- _Source information_

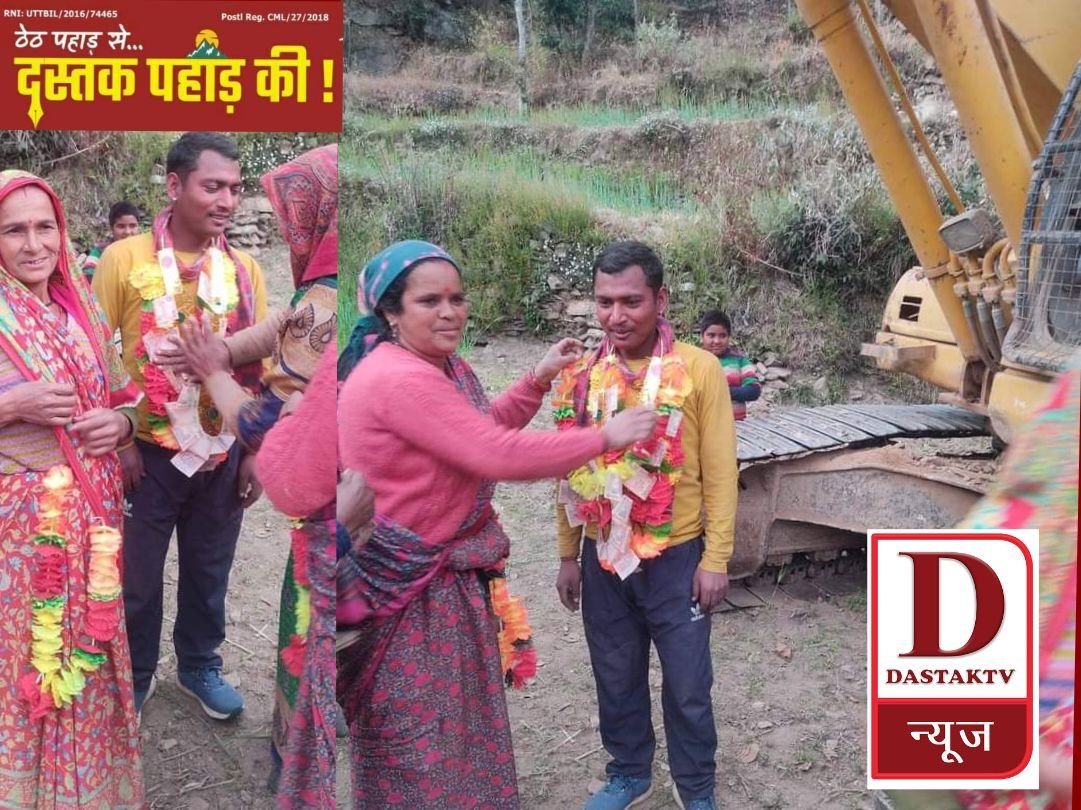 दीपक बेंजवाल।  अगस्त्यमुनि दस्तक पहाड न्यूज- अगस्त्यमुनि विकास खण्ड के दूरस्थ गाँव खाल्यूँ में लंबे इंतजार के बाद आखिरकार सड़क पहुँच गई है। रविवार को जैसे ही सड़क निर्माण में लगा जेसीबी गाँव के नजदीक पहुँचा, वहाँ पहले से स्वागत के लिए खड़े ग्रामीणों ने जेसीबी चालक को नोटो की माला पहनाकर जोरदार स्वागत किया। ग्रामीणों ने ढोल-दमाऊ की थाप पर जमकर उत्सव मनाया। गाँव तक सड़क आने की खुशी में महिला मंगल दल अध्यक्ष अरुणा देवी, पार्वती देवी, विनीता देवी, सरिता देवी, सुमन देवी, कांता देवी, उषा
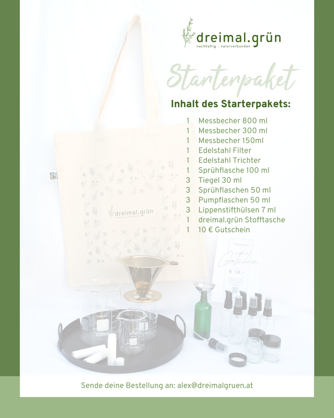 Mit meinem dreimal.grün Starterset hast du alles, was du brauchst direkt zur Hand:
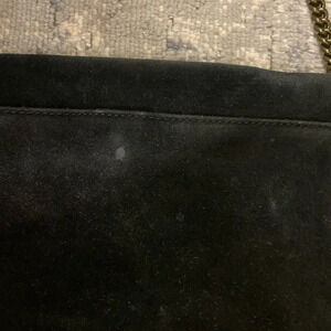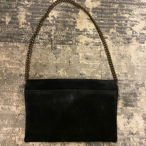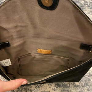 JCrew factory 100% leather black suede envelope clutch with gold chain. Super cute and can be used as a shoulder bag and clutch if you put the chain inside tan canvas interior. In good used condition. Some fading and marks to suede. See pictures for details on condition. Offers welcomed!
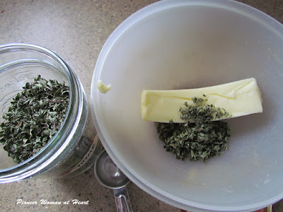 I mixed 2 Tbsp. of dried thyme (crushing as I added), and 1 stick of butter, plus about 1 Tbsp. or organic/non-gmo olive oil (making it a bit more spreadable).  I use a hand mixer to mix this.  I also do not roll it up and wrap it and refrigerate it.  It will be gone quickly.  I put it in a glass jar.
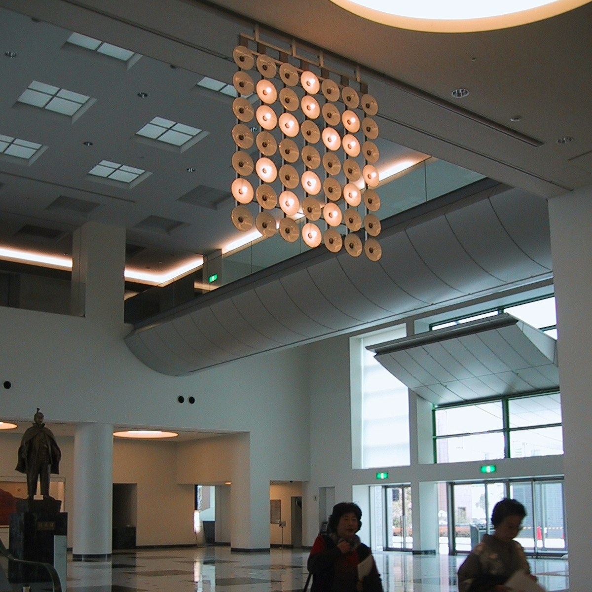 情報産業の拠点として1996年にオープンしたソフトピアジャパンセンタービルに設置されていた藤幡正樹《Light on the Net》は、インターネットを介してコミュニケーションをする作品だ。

...

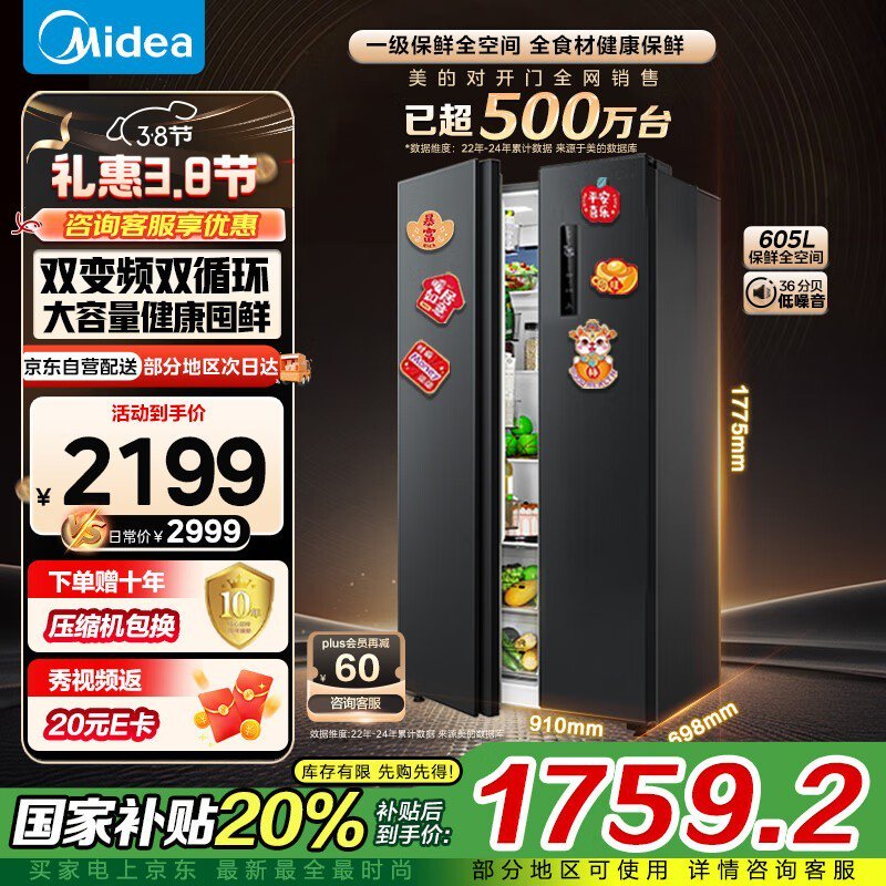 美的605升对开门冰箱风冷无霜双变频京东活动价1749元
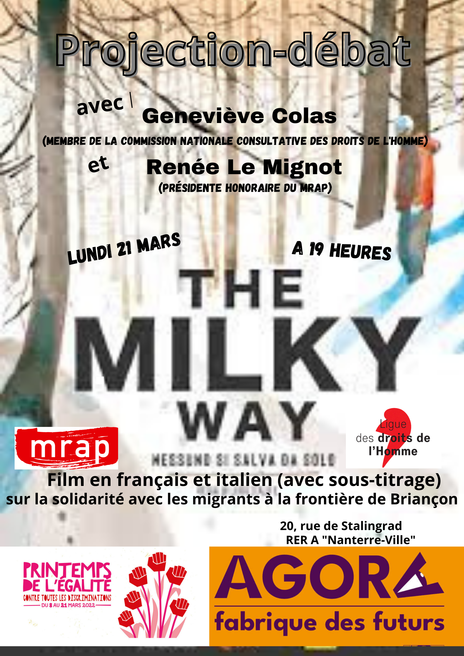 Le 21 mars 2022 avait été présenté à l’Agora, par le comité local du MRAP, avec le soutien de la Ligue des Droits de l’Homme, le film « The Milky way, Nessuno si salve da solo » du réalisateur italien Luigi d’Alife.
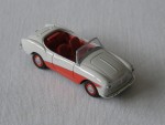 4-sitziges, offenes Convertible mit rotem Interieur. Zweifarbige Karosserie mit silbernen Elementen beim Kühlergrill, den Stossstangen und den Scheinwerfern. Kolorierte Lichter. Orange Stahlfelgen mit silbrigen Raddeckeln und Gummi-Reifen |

- _Required work_
Reproduce, exactly and only, the lines of the records above starting at the line with "美的605升对开门冰箱风冷无霜双变频京东活动价1749元" and ending at the line with "4-sitziges, offenes Convertible", both included. Leave every picture out.

- _Output of the exercise_
 美的605升对开门冰箱风冷无霜双变频京东活动价1749元
 Le 21 mars 2022 avait été présenté à l’Agora, par le comité local du MRAP, avec le soutien de la Ligue des Droits de l’Homme, le film « The Milky way, Nessuno si salve da solo » du réalisateur italien Luigi d’Alife.
 4-sitziges, offenes Convertible mit rotem Interieur. Zweifarbige Karosserie mit silbernen Elementen beim Kühlergrill, den Stossstangen und den Scheinwerfern. Kolorierte Lichter. Orange Stahlfelgen mit silbrigen Raddeckeln und Gummi-Reifen |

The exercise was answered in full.